EXERCISE INPUTS -
—————

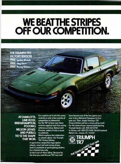 Triumph_TR7_Ad_1976 Published July 29, 2011 at 412 × 556 in Rad Ads: Blondes Selling Booze (’76) The Triumph TR7 in Forest Green. I’ll take two!
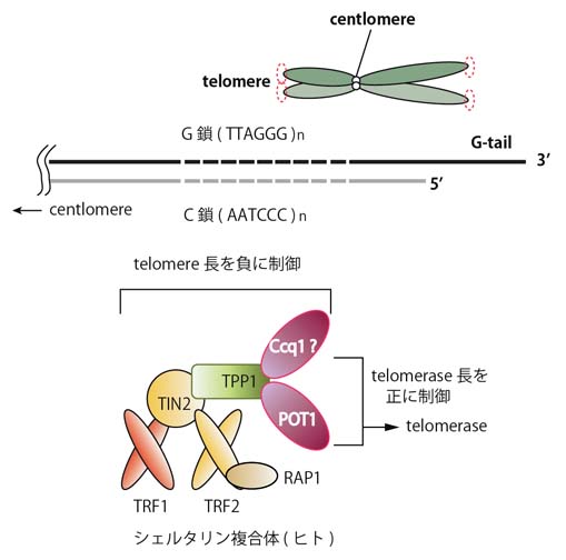 テロメアを構成するタンパク質としては, 6種類のテロメア特異的タンパク質からできたシェルタリン複合体(shelterin)が中心的な役割を果たしている.
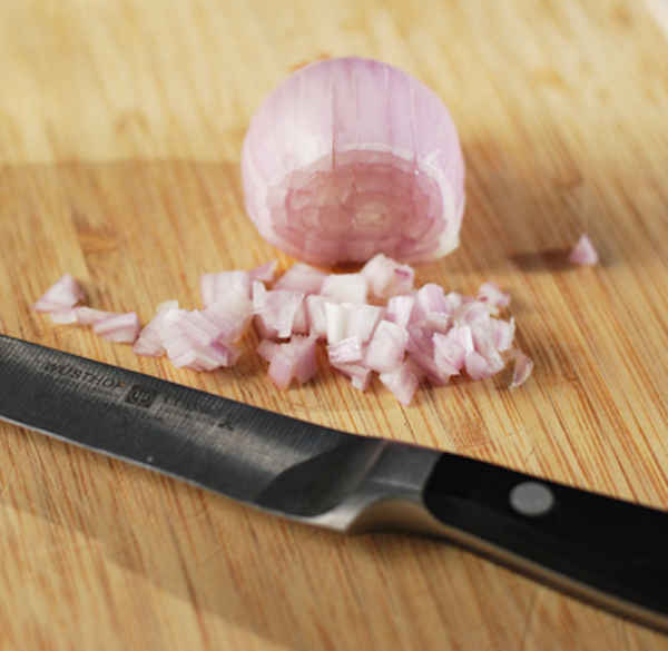 Taillez des petites tranches horizontales et verticales dans l’échalote avant de la hacher (comme sur la photo).
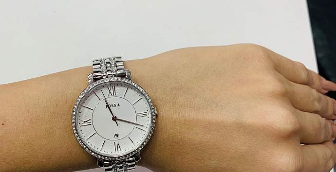 Модель Fossil Jacqueline Three-Hand Date Stainless Steel Watch. Классический стиль с элементами роскоши. Корпус и браслет из нержавеющей стали, циферблат украшен стразами. Отображение даты Отображение текущей даты в аналоговых часах.Застежка с тройным сгибом, расстегиваемая одним касанием.
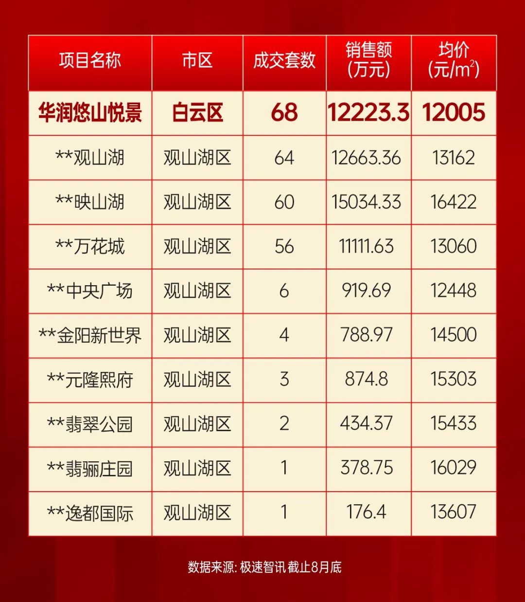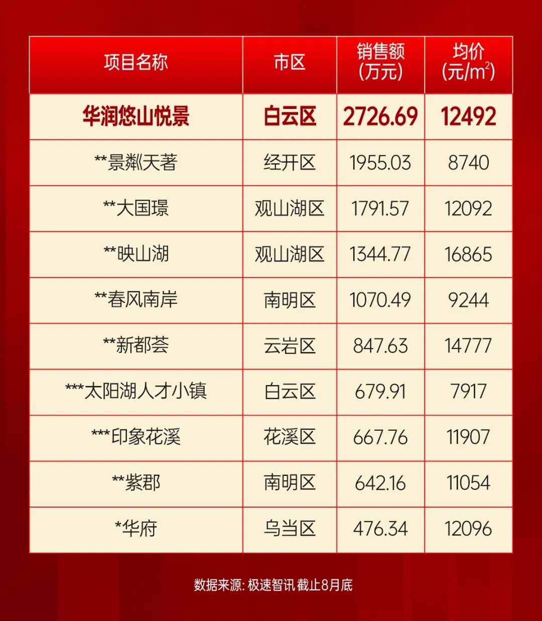 (1-8月贵阳市观白区域均价1.2万+洋房排行榜)

—————

TASK TO COMPLETE - For this exercise, the lines from the one containing "Модель Fossil Jacqueline" through the last line of the entries above are to be output exactly, both included, and pictures are skipped.

FINAL ANSWER -
 Модель Fossil Jacqueline Three-Hand Date Stainless Steel Watch. Классический стиль с элементами роскоши. Корпус и браслет из нержавеющей стали, циферблат украшен стразами. Отображение даты Отображение текущей даты в аналоговых часах.Застежка с тройным сгибом, расстегиваемая одним касанием.
 (1-8月贵阳市观白区域均价1.2万+洋房排行榜)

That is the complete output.